→ Work to complete
Transcribed word for word, the lines below from the one with "恭賀天宏數(shù)控榮獲山" through the last line of the records form the answer; no picture is to be included.

START Data to use

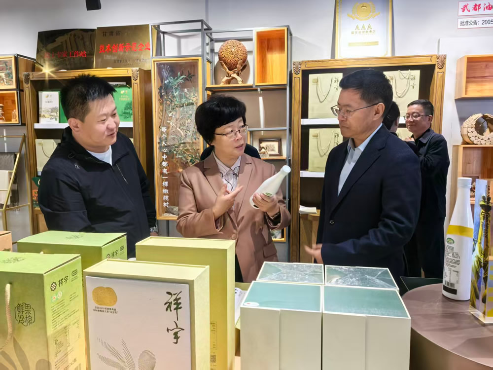 在武都区桔柑镇贺家坪油橄榄示范基地,王旭仔细了解油橄榄基地建设、品种选育、种植技术、鲜果采摘和收购价格等情况。在陇南市祥宇油橄榄开发有限责任公司,王旭与企业负责人进行了深入交流,对企业发展、联农带农,油橄榄从种植到精深加工、副产品利用等全产业链进行了详细调研。在武都区天泽农林产品研发有限公司,王旭参观了中国花椒产业博览馆、产地质量监管仓,详细了解精深加工、产品开发、品牌建设等情况。
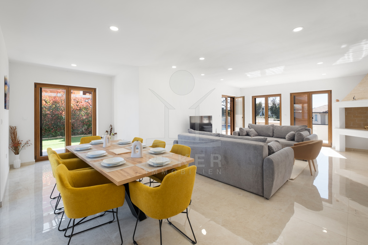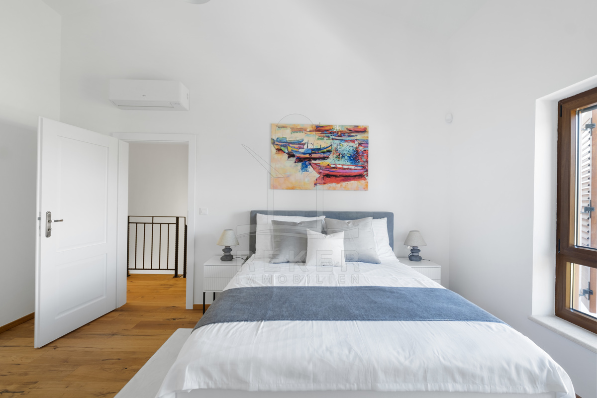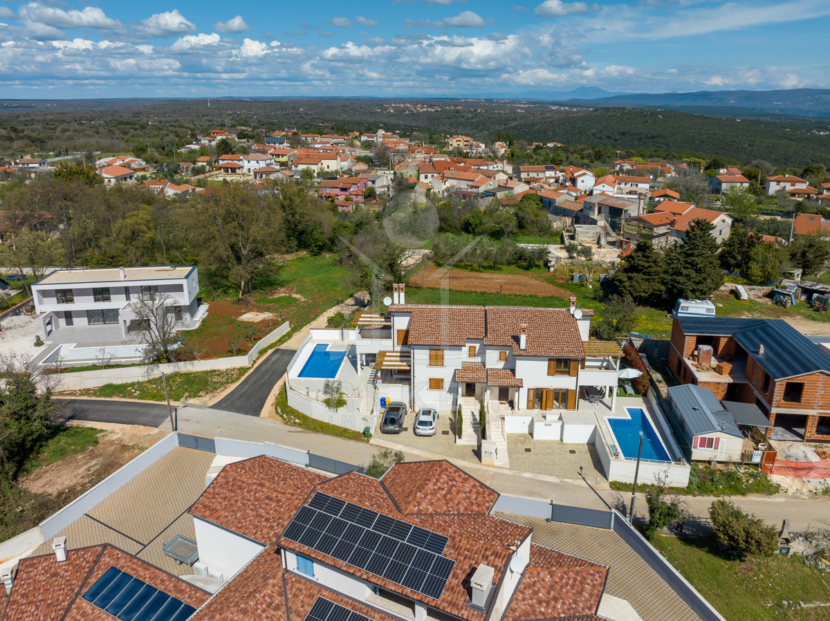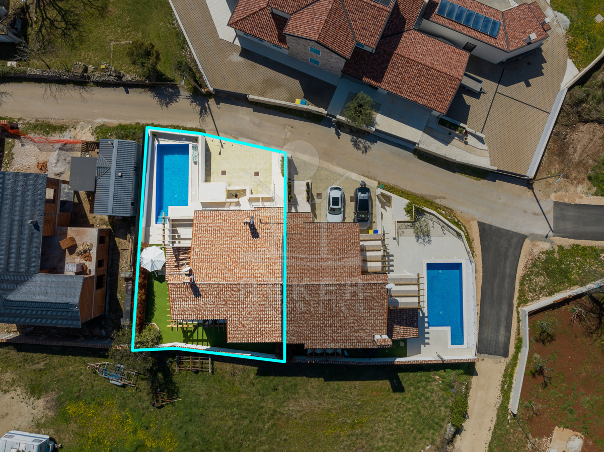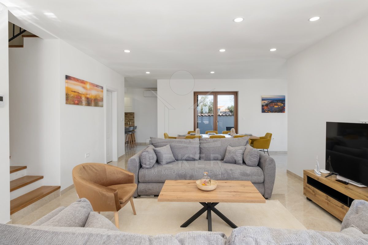 Am Rand von Kavran. Umgeben von Natur. Kein Lärm, keine Hektik. Die Doppelhaushälfte liegt in ruhiger Lage, südlich ausgerichtet. Das Meer? 1,7 Kilometer entfernt. Drei Stellplätze – direkt vor der Haustür.
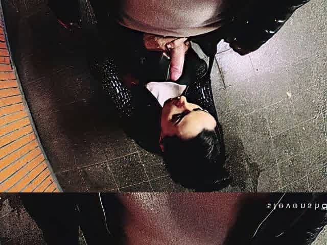Latina emo deepthroats huge cock through gloryhole
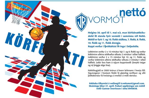 Helgina 30. apríl – 1. maí mun körfuknattleiksdeild ÍR standa að vormóti í samvinnu við Nettó. Mótið er fyrir 7. og 10. flokk stúlkna og 7.flokk, 8. flokk, 10. flokk og 11. flokk drengja. Mótið fer fram í Seljaskóla.
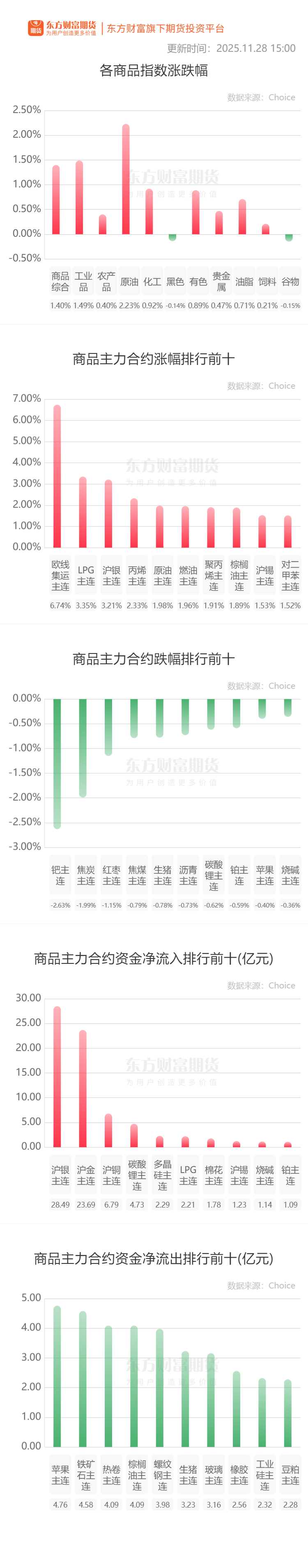 期市收评 | 商品期货多数上涨 原油系期货涨幅居前
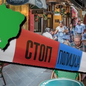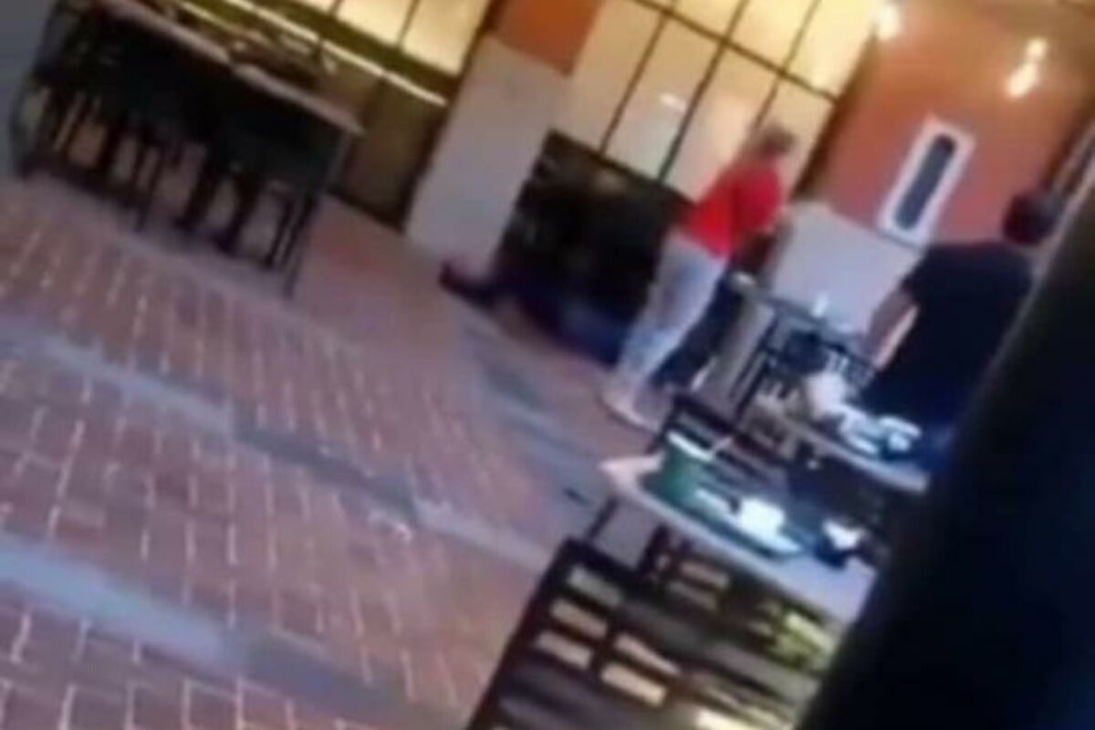 Na snimku se vidi ženska osoba koja na srpskom zapomaže, dok lokalno stanovništvo stoji ispred restorana.
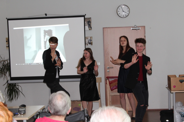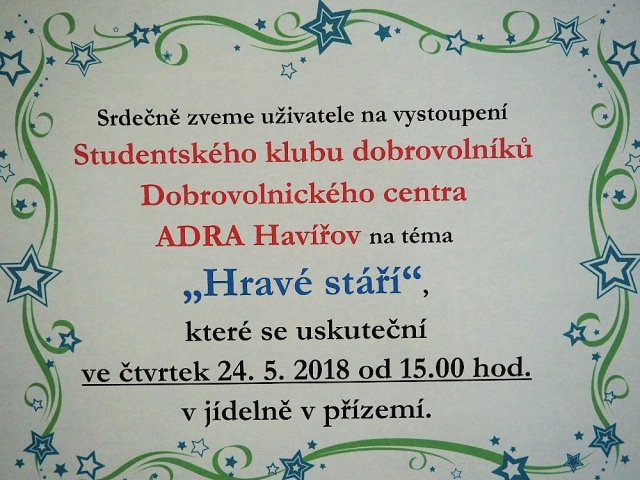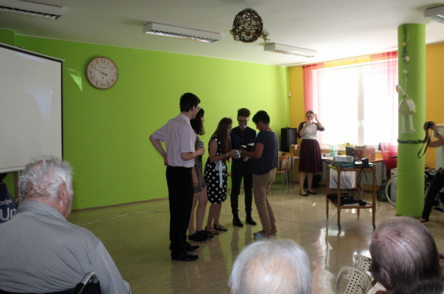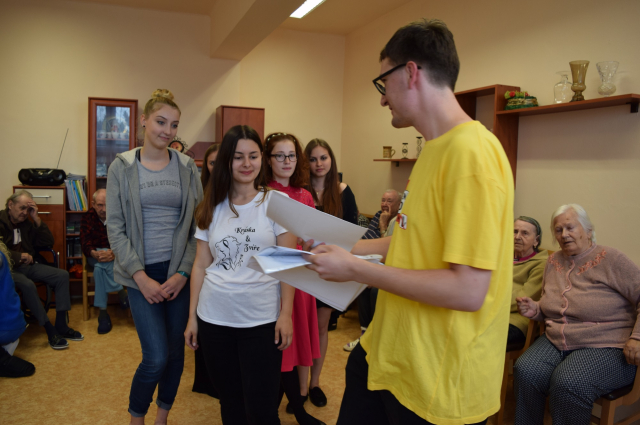 V květnu, v náročném mezidobí maturit a zkoušek, se nám podařilo absolvovat představení v domově pro seniory na ulici Sokolovská v Českém Těšíně, kde jsme zároveň úplně naposledy předvedli náš klasický program se scénkami, hádáním fotek, pouštěním písniček a tancem. Přišly nás podpořit Gabka Slívová ze studentského klubu ve Frýdku-Místku a Katka Polínková z ostravského studentského projektu MOST. Děkujeme, bylo to moc milé. Jo a koukněte se na milou pozvánku, která byla na nástěnce. :-)
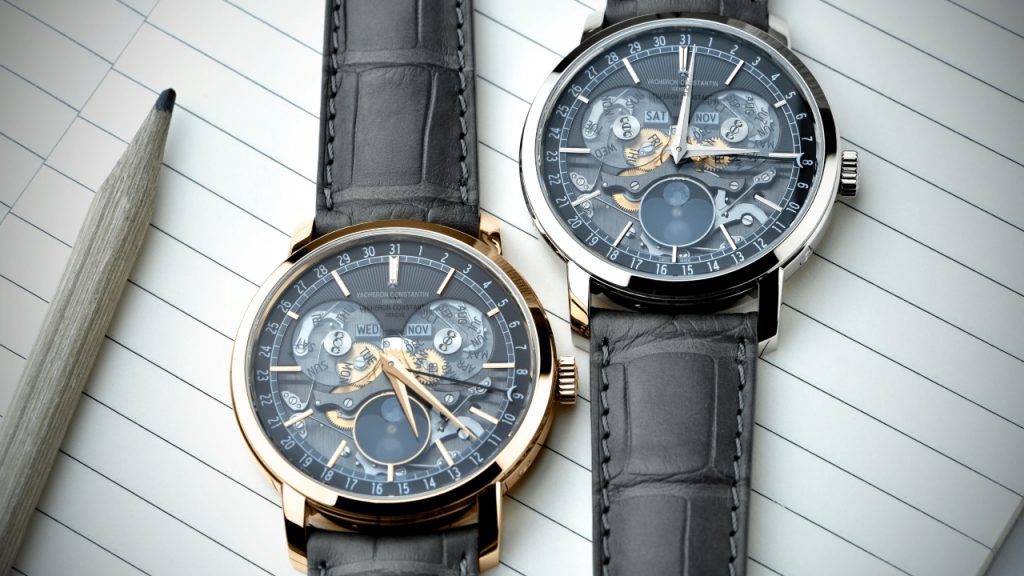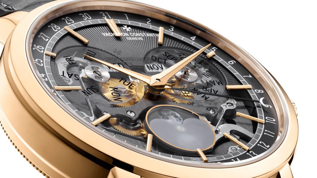 While it is a big departure from the earlier iteration of the company’s Traditionnelle Complete Calendar, it isn’t an entirely new design for Vacheron. Fans of the brand will recognise derivative designs from the watchmaker’s Traditionnelle Twin Beat Perpetual Calendar, which also sported sapphire-crystal discs, slate gray guillochéd segments on the dial, openworked elements and a fluted caseback mirroring the guilloché on the front. Collectors who couldn’t get their hands on the original winning design will now have a second shot, albeit in a different model.
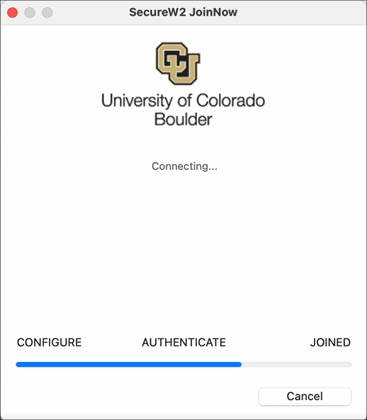 If you're in an active Wi-Fi early-access building, the onboarding client will indicate that it's authenticating to CU Secure.
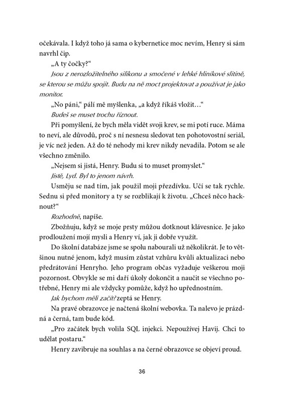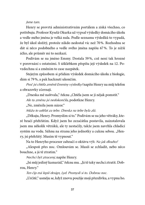 Lydia začala pracovat na vytvoření Henryho, své vlastní umělé inteligence, už před několika lety – ještě předtím, než její bráška umřel během nehody, která ji straší ve snech. Předtím, než její táta odešel z domova a nechal je s matkou samotné. A než se s její nejlepší kamarádkou úplně odcizily.
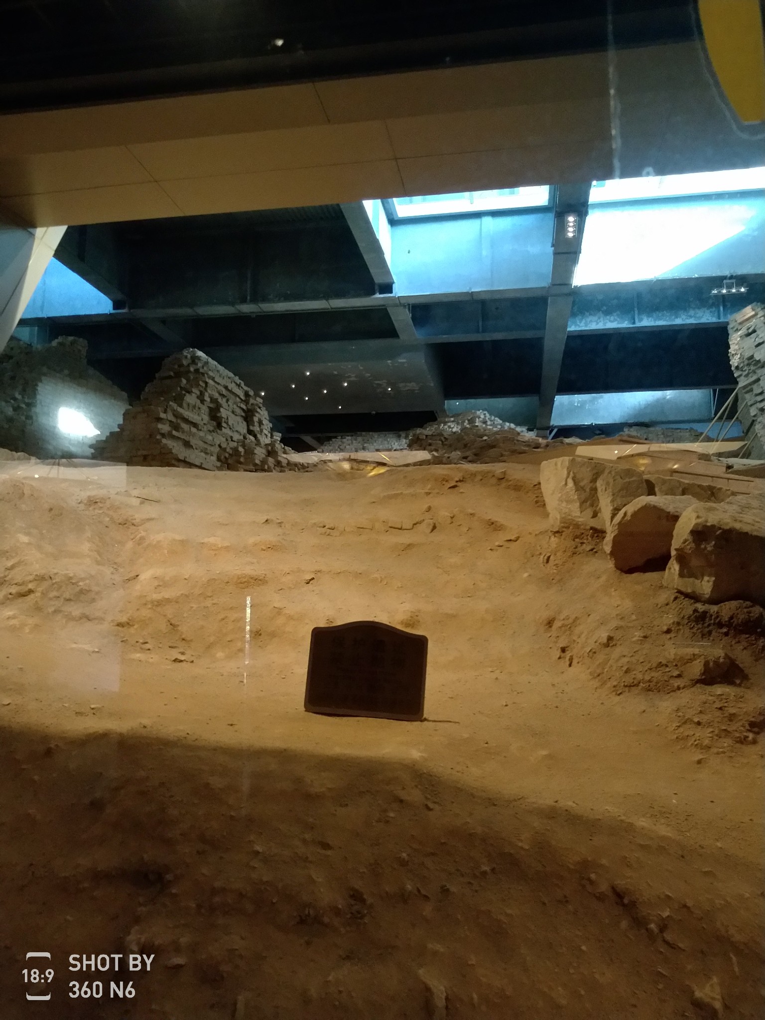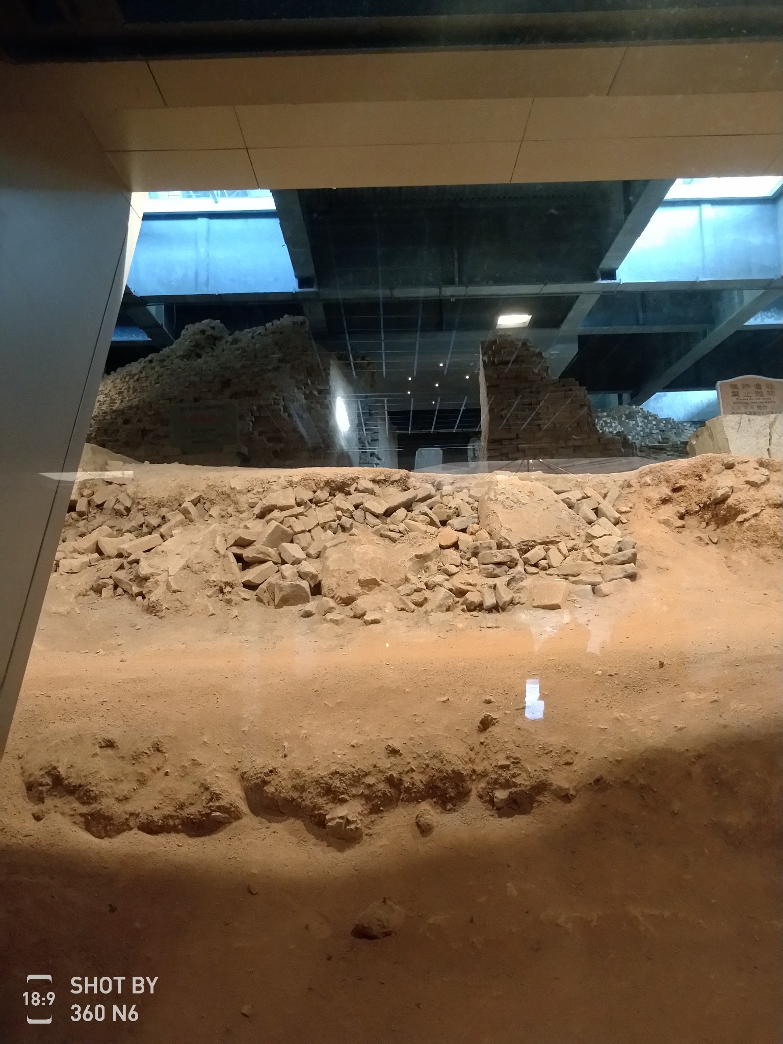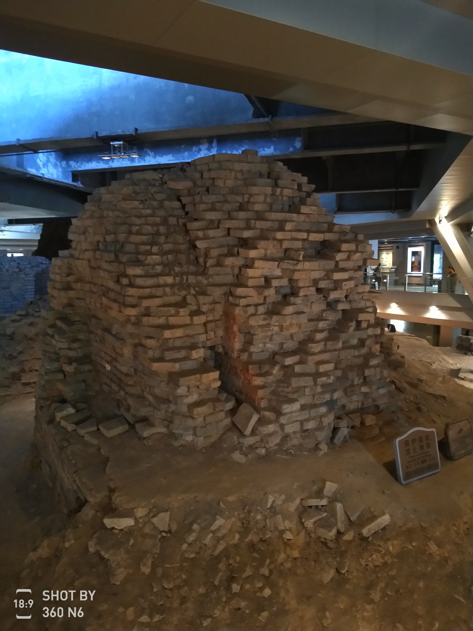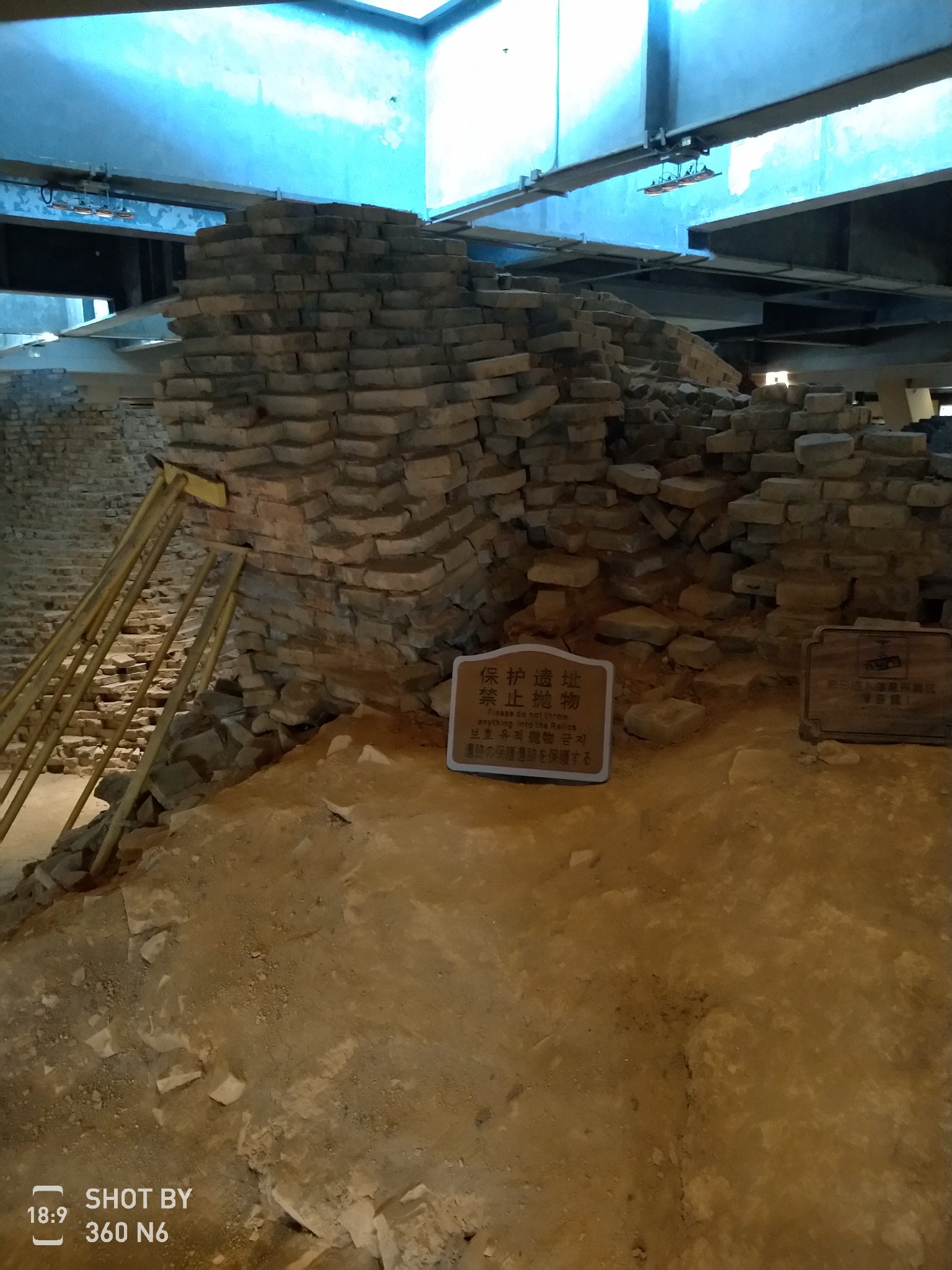 在台基二层,可以看到遗址的模样。整个遗址区被玻璃包围着,以防氧化和人为破坏,遗址那一块块的塔砖被仔细地包裹着。
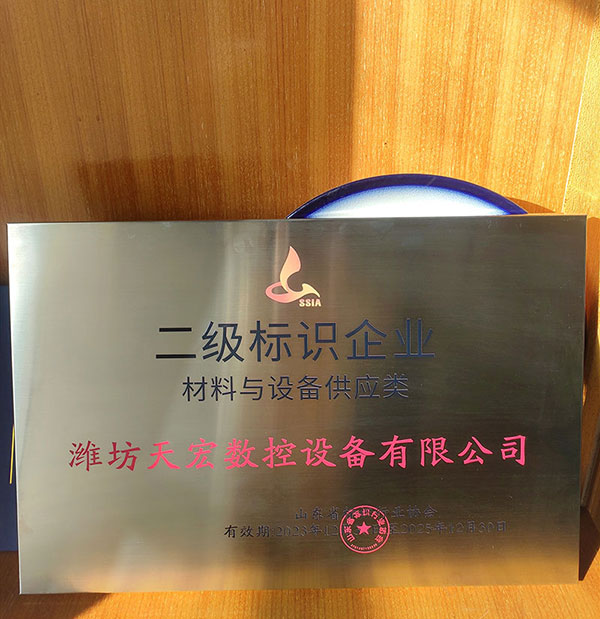 恭賀天宏數(shù)控榮獲山東標(biāo)識行業(yè)-二級標(biāo)識企業(yè)榮譽(yù)
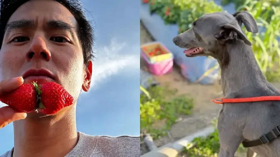 去年12月,彭于晏带着妈妈和狗狗们前往苗栗的蓁爱草莓农场采草莓,这家农场拥有30年的栽种经验,致力于生产好吃又无毒的草莓,天然的栽种模式也使草莓有着各式各样的形状,有机会摘到爱心形状的,也可能跟彭于晏一样找到草莓双胞胎~
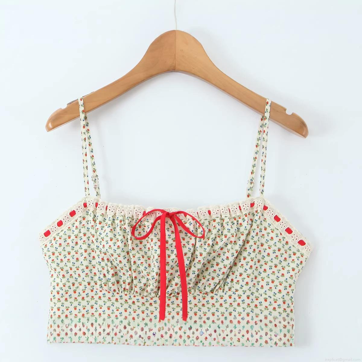 Fashion Floral Spaghetti Strap Dress Sexy Bow Decor Ruffle Hem Cottagecore Cotton Midi Dress for Women Summer Vacation Casual Sundress

END Data to use

→ Reply to the exercise
 恭賀天宏數(shù)控榮獲山東標(biāo)識行業(yè)-二級標(biāo)識企業(yè)榮譽(yù)
 去年12月,彭于晏带着妈妈和狗狗们前往苗栗的蓁爱草莓农场采草莓,这家农场拥有30年的栽种经验,致力于生产好吃又无毒的草莓,天然的栽种模式也使草莓有着各式各样的形状,有机会摘到爱心形状的,也可能跟彭于晏一样找到草莓双胞胎~
 Fashion Floral Spaghetti Strap Dress Sexy Bow Decor Ruffle Hem Cottagecore Cotton Midi Dress for Women Summer Vacation Casual Sundress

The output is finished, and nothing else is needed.